C’è una cosa curiosa quando si parla di spazio.

Per molti di noi lo spazio è ancora qualcosa che appartiene ai film, agli astronauti, ai razzi che partono da una base di lancio e alle immagini spettacolari della Terra vista dall’alto. È un tema affascinante, certo, ma apparentemente lontano dalla vita quotidiana.

Poi però ci fermiamo un attimo e ci accorgiamo che molte cose che usiamo ogni giorno dipendono già dallo spazio.

La navigazione satellitare, le comunicazioni globali, le previsioni meteo, l’osservazione della Terra, la difesa, la trasmissione dei dati, la connessione in zone remote. Non stiamo parlando solo di andare su Marte o di costruire razzi sempre più potenti. Stiamo parlando di infrastrutture che, silenziosamente, sono già entrate nella nostra economia.

È da qui che nasce l’interesse verso strumenti come il Tema Space Innovators ETF, identificato dal ticker NASA. Non si tratta di “investire nella NASA” intesa come agenzia spaziale americana, perché il fondo non è sponsorizzato né collegato alla National Aeronautics and Space Administration. È invece un ETF tematico che cerca di dare esposizione a società legate alla cosiddetta economia spaziale, attraverso un portafoglio gestito attivamente e quotato sul NYSE. (temaetfs.com)

La parola importante, però, non è “spazio”.

La parola importante è “tema”.

Un ETF tematico nasce per permettere all’investitore di partecipare a un grande trend. In questo caso il trend è quello dell’economia spaziale, un settore che secondo una stima di McKinsey e World Economic Forum potrebbe passare da circa 630 miliardi di dollari nel 2023 a 1,8 trilioni di dollari entro il 2035. (McKinsey & Company)

Detta così, sembra tutto molto semplice.

C’è un settore destinato a crescere, esiste uno strumento che investe in quel settore, quindi basta comprarlo e aspettare.

Ma il mercato non funziona mai in modo così lineare.

Questa è la prima riflessione utile da fare. Un grande trend non è automaticamente un buon investimento. O meglio, può esserlo solo se viene inserito dentro una strategia sensata. La storia dei mercati è piena di settori promettenti che hanno davvero cambiato il mondo, ma che nel frattempo hanno attraversato fasi di entusiasmo eccessivo, correzioni violente, valutazioni troppo alte e aziende che non sono mai riuscite a trasformare l’innovazione in utili stabili.

Lo spazio è esattamente questo: una grande opportunità, ma anche un terreno ancora giovane, complesso e molto selettivo.

Un ETF come il Tema Space Innovators ETF prova a risolvere un problema pratico: invece di scegliere una singola azienda, l’investitore acquista un contenitore diversificato che include più società legate al settore. In questo modo non si punta tutto su un solo nome, ma si partecipa al tema in maniera più ampia.

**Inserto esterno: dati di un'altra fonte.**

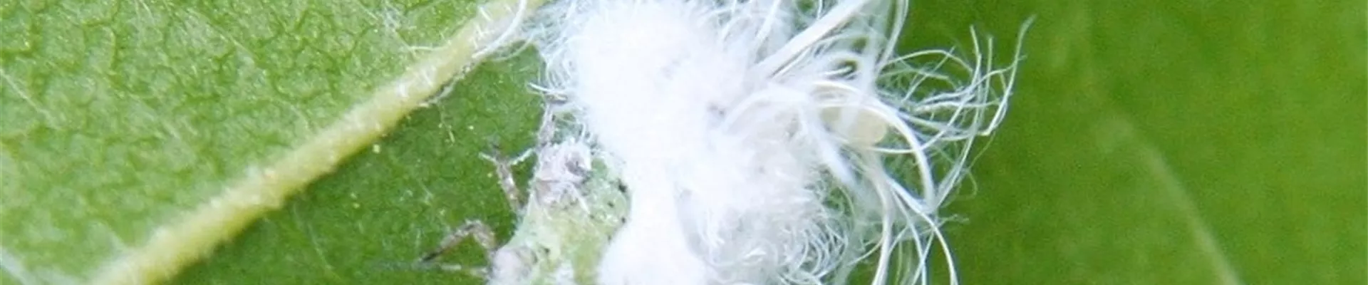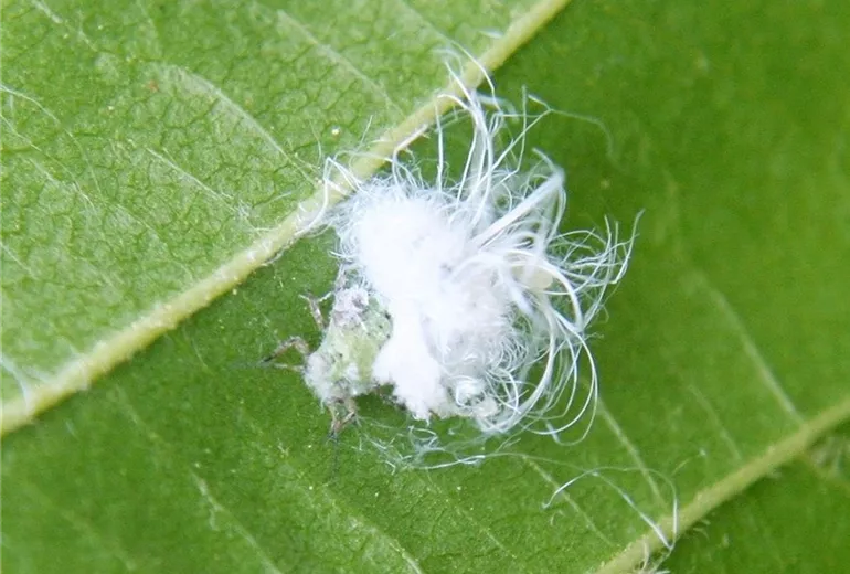Diese zuckerhaltigen Ausscheidungen findet man als kleine Tröpfchen, die von einer feinen Wachsschicht umhüllt sind, in der Nähe der Blattsaugerkolonien.

Questo non elimina il rischio, però lo distribuisce.

Ed è una differenza enorme.

Perché quando un settore è innovativo, la tentazione più forte è innamorarsi del nome più famoso, dell’azienda più raccontata, del titolo che sta salendo di più o della storia che sembra più affascinante. Il problema è che i mercati non premiano le storie belle. Premiano, nel tempo, le aziende capaci di generare valore, ricavi, margini e vantaggi competitivi reali.

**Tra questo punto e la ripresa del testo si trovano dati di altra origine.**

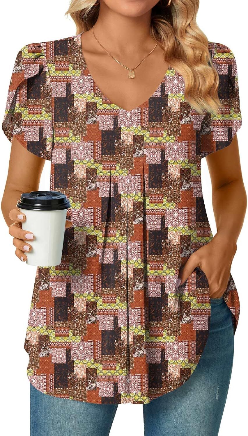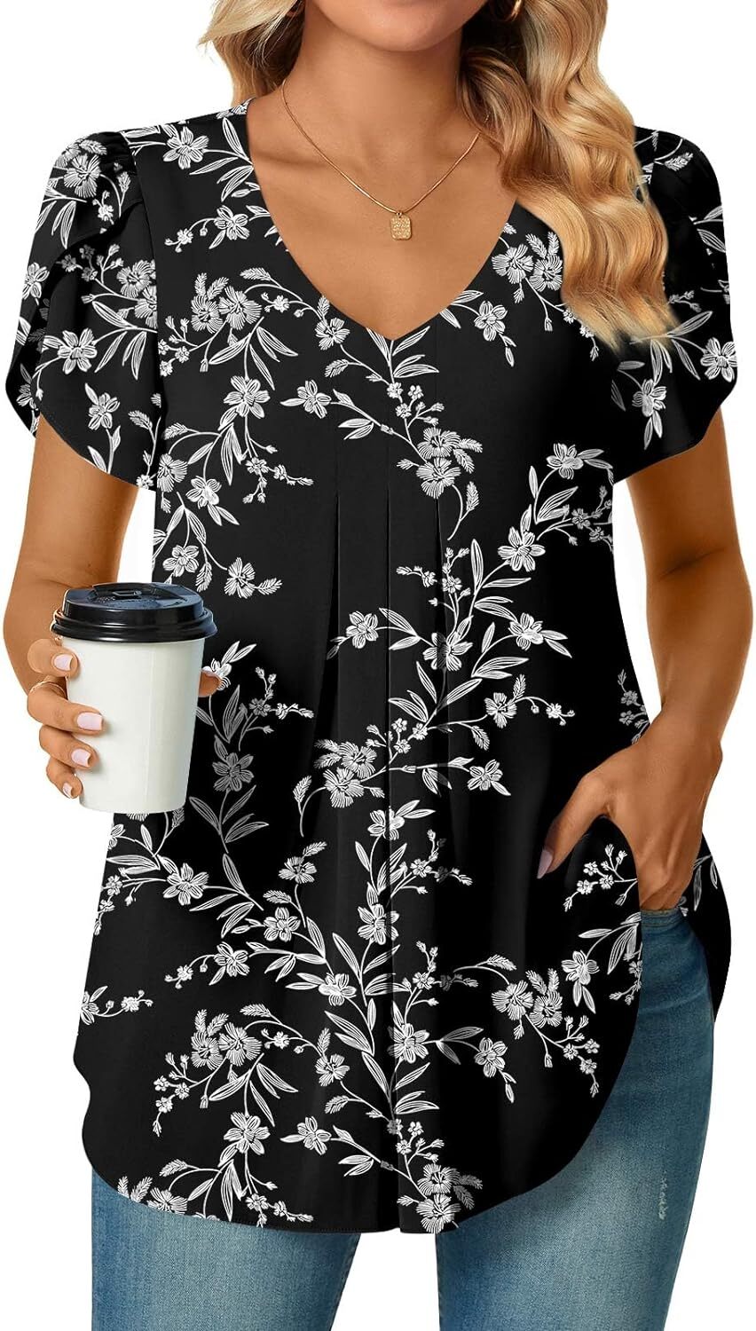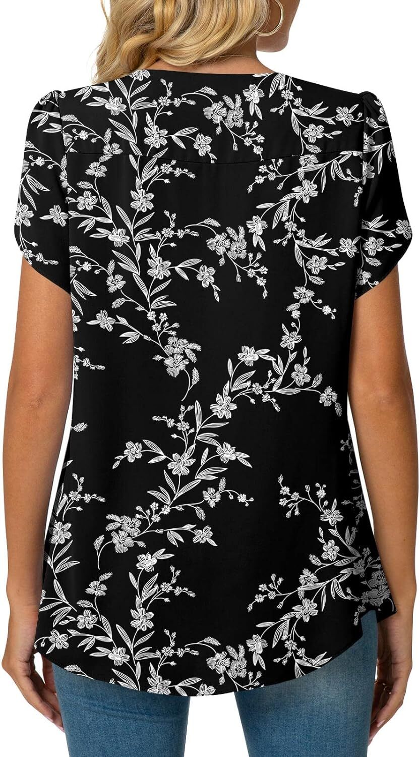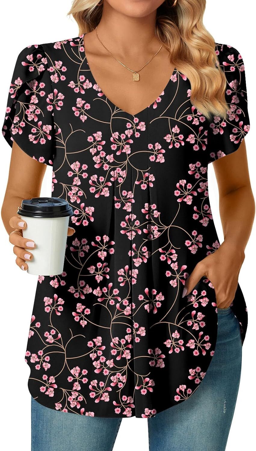 Bestbee Women's Dressy Chiffon Blouse Shirts Pleated Tunic Tops V Neck Petal Short Sleeve Casual T-Shirts 2024 Summer Tops

Un ETF tematico può essere utile proprio perché costringe a ragionare meno sul singolo titolo e più sull’insieme. Ma anche qui serve equilibrio. Se un investimento riguarda un settore specifico, per quanto diversificato al suo interno, resta comunque concentrato su quel tema. E un tema può vivere anni molto positivi, ma anche momenti difficili.

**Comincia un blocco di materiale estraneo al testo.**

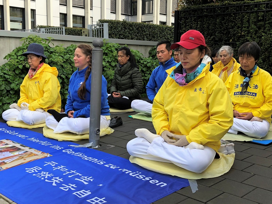 四月二十五日九点至十二点,法轮功学员在中领馆对面拉开以纪念四·二五和平上访为专题的横幅,并集体炼功,发正念。法轮功学员本特纳女士(Bentner)通过扩音器向中领馆工作人员及所有在场民众朗读了一封给驻杜塞尔多夫总领事冯海阳的公开信。

Per questo strumenti di questo tipo non dovrebbero essere confusi con la base del portafoglio.

La base, per un investitore, dovrebbe essere costruita su obiettivi chiari, orizzonte temporale, diversificazione generale e capacità di sopportare le oscillazioni. Solo dopo, eventualmente, si può valutare se inserire una parte più piccola dedicata a temi di crescita, come intelligenza artificiale, robotica, sanità innovativa o, appunto, economia spaziale.

Il punto non è chiedersi: “Lo spazio crescerà?”

Probabilmente sì, almeno come direzione di lungo periodo.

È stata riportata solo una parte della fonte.